Brief
The whole listing below must be printed again exactly, images excluded.

Dataset content
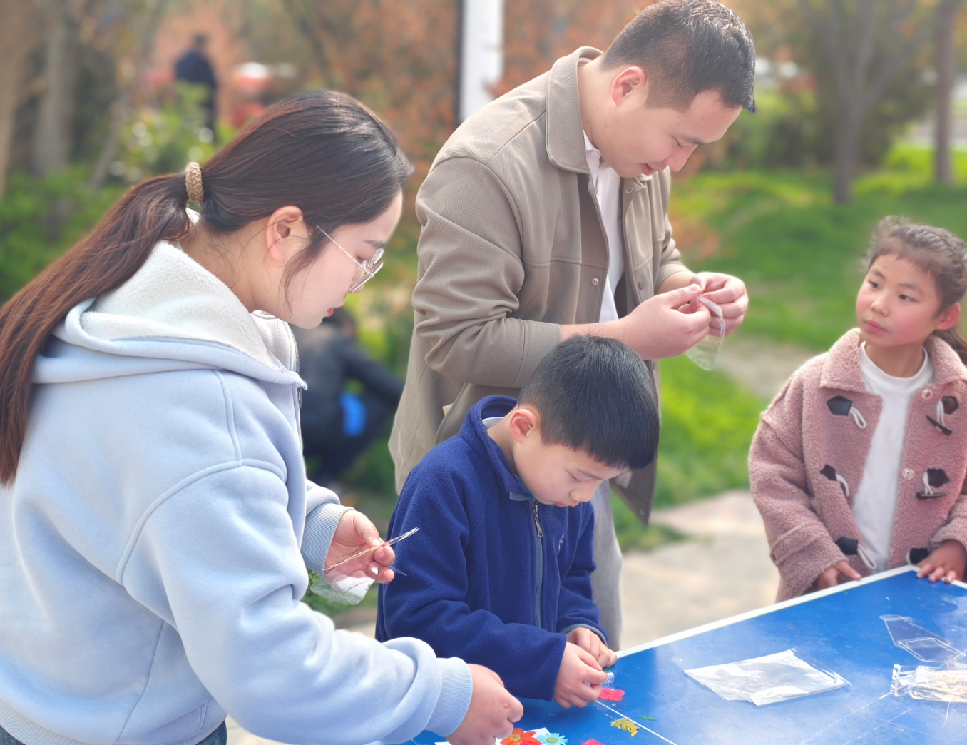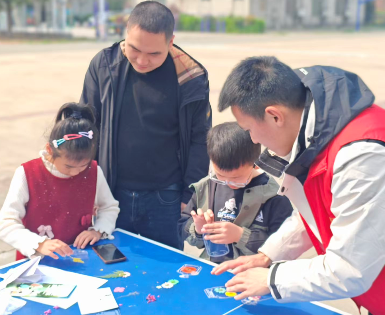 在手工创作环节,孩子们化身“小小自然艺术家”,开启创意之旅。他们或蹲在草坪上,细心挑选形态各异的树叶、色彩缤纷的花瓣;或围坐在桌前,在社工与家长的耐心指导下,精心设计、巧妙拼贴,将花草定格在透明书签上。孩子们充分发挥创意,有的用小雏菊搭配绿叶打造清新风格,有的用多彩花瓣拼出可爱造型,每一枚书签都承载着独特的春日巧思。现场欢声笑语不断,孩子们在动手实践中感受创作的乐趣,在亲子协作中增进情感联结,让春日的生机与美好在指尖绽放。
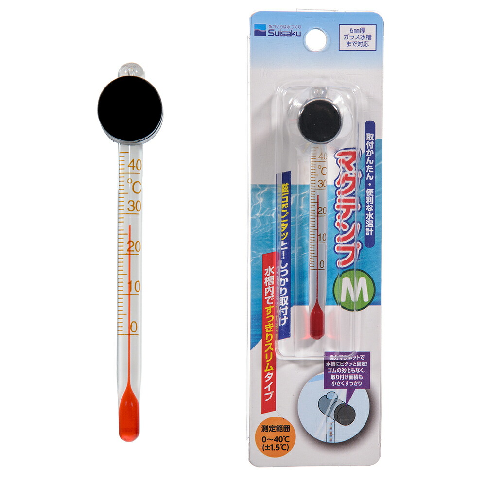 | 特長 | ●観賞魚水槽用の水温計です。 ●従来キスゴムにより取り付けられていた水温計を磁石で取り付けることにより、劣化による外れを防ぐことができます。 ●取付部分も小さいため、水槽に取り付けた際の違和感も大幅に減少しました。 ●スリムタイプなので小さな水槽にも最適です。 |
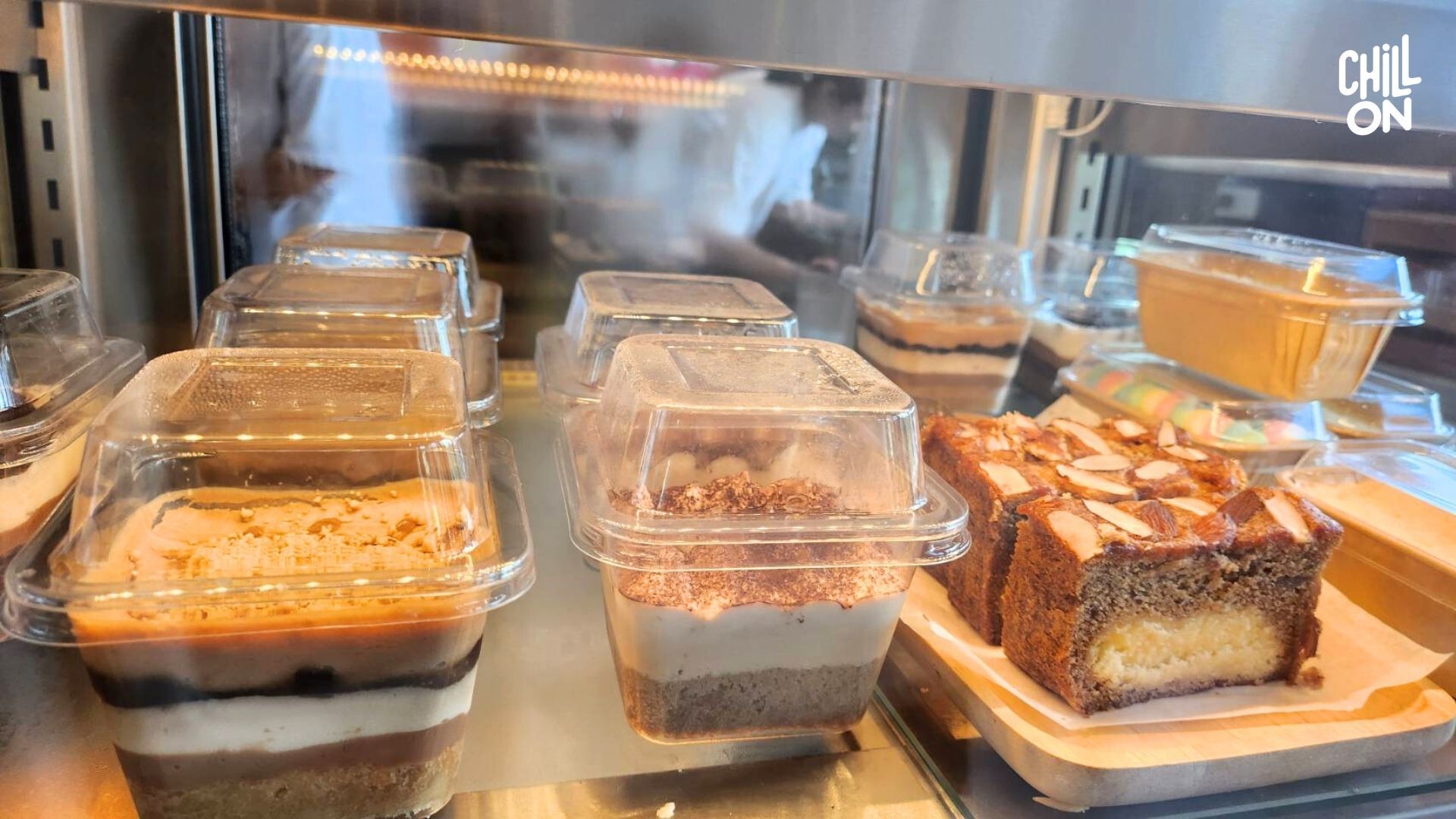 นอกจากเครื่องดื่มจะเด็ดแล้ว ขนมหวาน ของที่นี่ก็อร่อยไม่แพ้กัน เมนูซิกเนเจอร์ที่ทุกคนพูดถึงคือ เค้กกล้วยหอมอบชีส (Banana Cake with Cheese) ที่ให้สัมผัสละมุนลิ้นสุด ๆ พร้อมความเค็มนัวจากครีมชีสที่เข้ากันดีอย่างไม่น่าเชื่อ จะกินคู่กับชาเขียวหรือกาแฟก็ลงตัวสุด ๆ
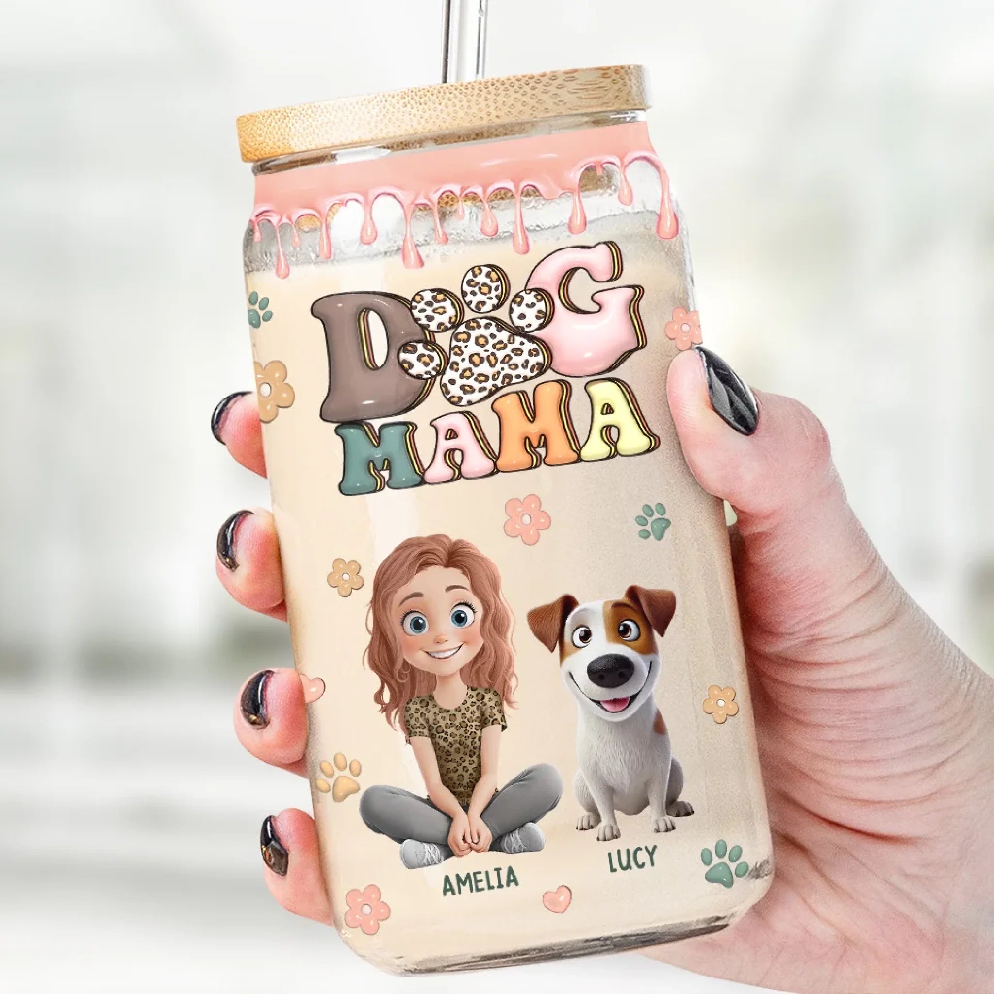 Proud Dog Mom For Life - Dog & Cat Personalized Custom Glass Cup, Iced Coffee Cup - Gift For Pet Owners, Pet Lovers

Completed task
 在手工创作环节,孩子们化身“小小自然艺术家”,开启创意之旅。他们或蹲在草坪上,细心挑选形态各异的树叶、色彩缤纷的花瓣;或围坐在桌前,在社工与家长的耐心指导下,精心设计、巧妙拼贴,将花草定格在透明书签上。孩子们充分发挥创意,有的用小雏菊搭配绿叶打造清新风格,有的用多彩花瓣拼出可爱造型,每一枚书签都承载着独特的春日巧思。现场欢声笑语不断,孩子们在动手实践中感受创作的乐趣,在亲子协作中增进情感联结,让春日的生机与美好在指尖绽放。
 | 特長 | ●観賞魚水槽用の水温計です。 ●従来キスゴムにより取り付けられていた水温計を磁石で取り付けることにより、劣化による外れを防ぐことができます。 ●取付部分も小さいため、水槽に取り付けた際の違和感も大幅に減少しました。 ●スリムタイプなので小さな水槽にも最適です。 |
 นอกจากเครื่องดื่มจะเด็ดแล้ว ขนมหวาน ของที่นี่ก็อร่อยไม่แพ้กัน เมนูซิกเนเจอร์ที่ทุกคนพูดถึงคือ เค้กกล้วยหอมอบชีส (Banana Cake with Cheese) ที่ให้สัมผัสละมุนลิ้นสุด ๆ พร้อมความเค็มนัวจากครีมชีสที่เข้ากันดีอย่างไม่น่าเชื่อ จะกินคู่กับชาเขียวหรือกาแฟก็ลงตัวสุด ๆ
 Proud Dog Mom For Life - Dog & Cat Personalized Custom Glass Cup, Iced Coffee Cup - Gift For Pet Owners, Pet Lovers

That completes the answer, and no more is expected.